*** Source material ***

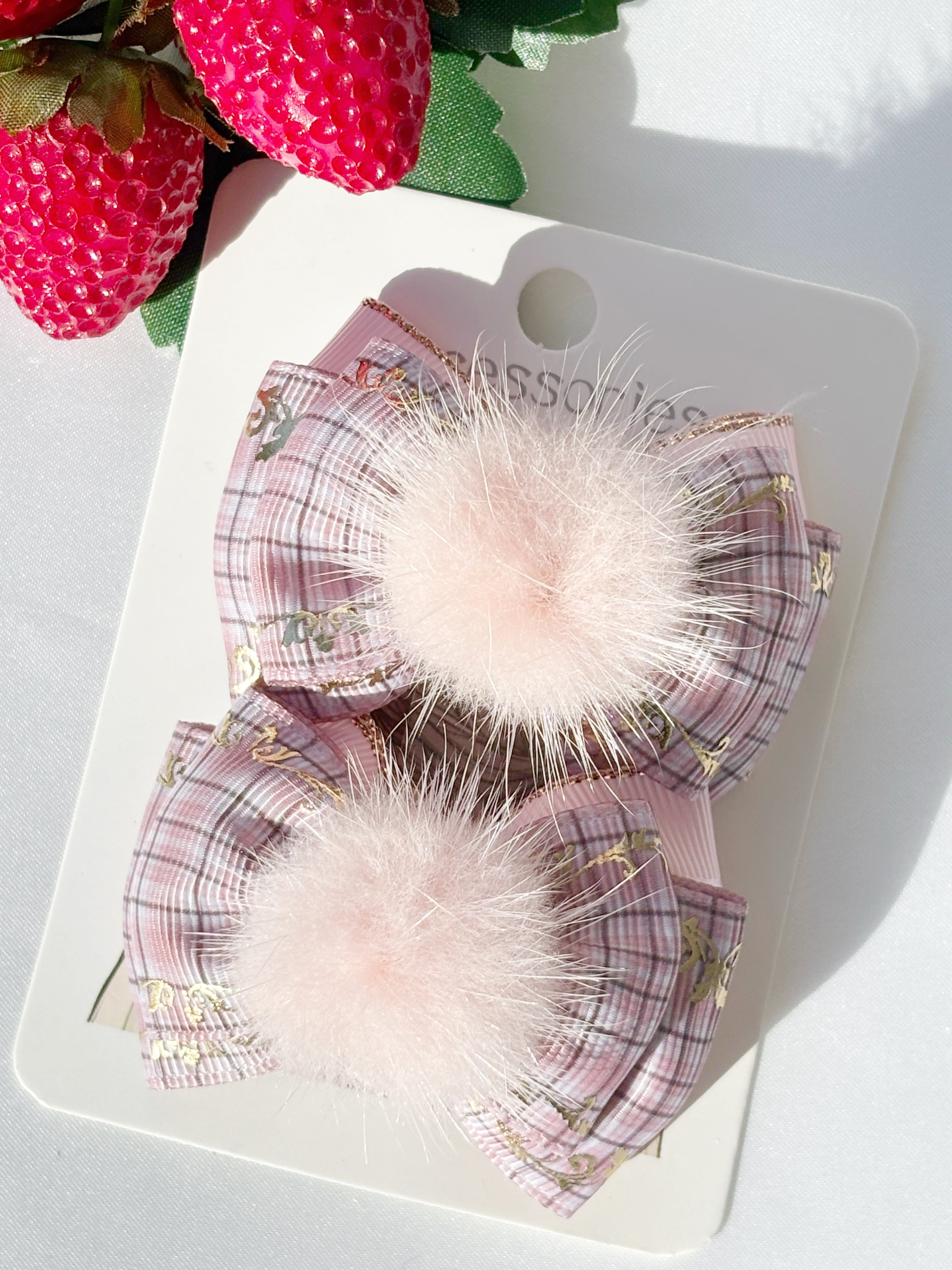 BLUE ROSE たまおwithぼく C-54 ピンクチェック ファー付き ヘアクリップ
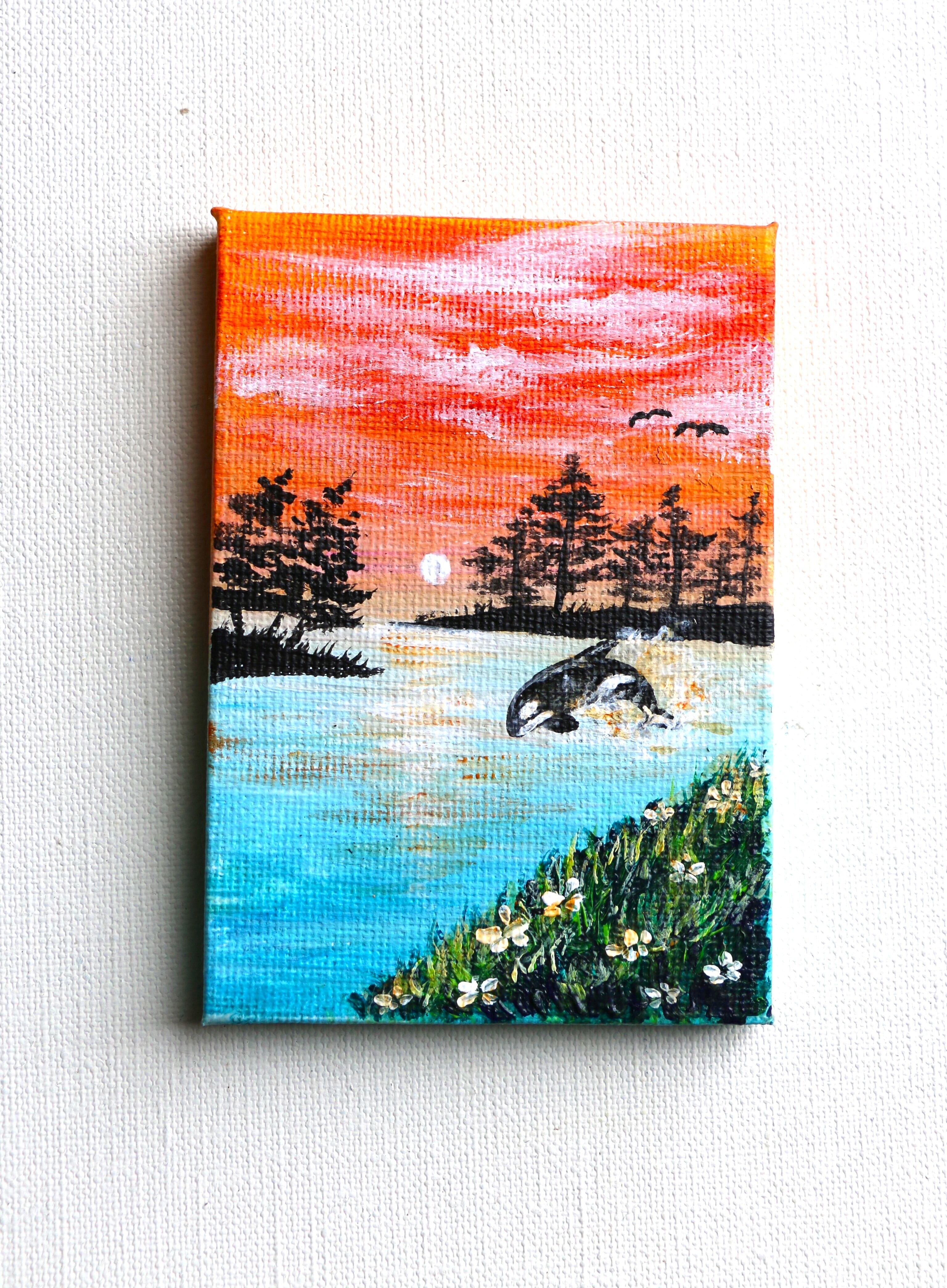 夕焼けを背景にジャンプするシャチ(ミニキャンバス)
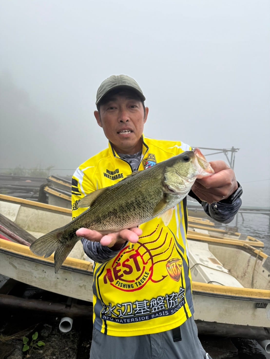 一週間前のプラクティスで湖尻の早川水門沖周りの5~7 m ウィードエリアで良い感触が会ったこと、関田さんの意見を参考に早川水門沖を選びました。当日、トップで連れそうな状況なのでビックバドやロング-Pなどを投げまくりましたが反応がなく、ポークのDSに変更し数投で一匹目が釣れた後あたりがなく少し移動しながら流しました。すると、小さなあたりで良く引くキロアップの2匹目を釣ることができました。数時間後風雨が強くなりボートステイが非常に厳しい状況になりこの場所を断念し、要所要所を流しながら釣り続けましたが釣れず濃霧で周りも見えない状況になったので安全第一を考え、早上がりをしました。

***

Write out the listing above in full, word for word, with no pictures.

 BLUE ROSE たまおwithぼく C-54 ピンクチェック ファー付き ヘアクリップ
 夕焼けを背景にジャンプするシャチ(ミニキャンバス)
 一週間前のプラクティスで湖尻の早川水門沖周りの5~7 m ウィードエリアで良い感触が会ったこと、関田さんの意見を参考に早川水門沖を選びました。当日、トップで連れそうな状況なのでビックバドやロング-Pなどを投げまくりましたが反応がなく、ポークのDSに変更し数投で一匹目が釣れた後あたりがなく少し移動しながら流しました。すると、小さなあたりで良く引くキロアップの2匹目を釣ることができました。数時間後風雨が強くなりボートステイが非常に厳しい状況になりこの場所を断念し、要所要所を流しながら釣り続けましたが釣れず濃霧で周りも見えない状況になったので安全第一を考え、早上がりをしました。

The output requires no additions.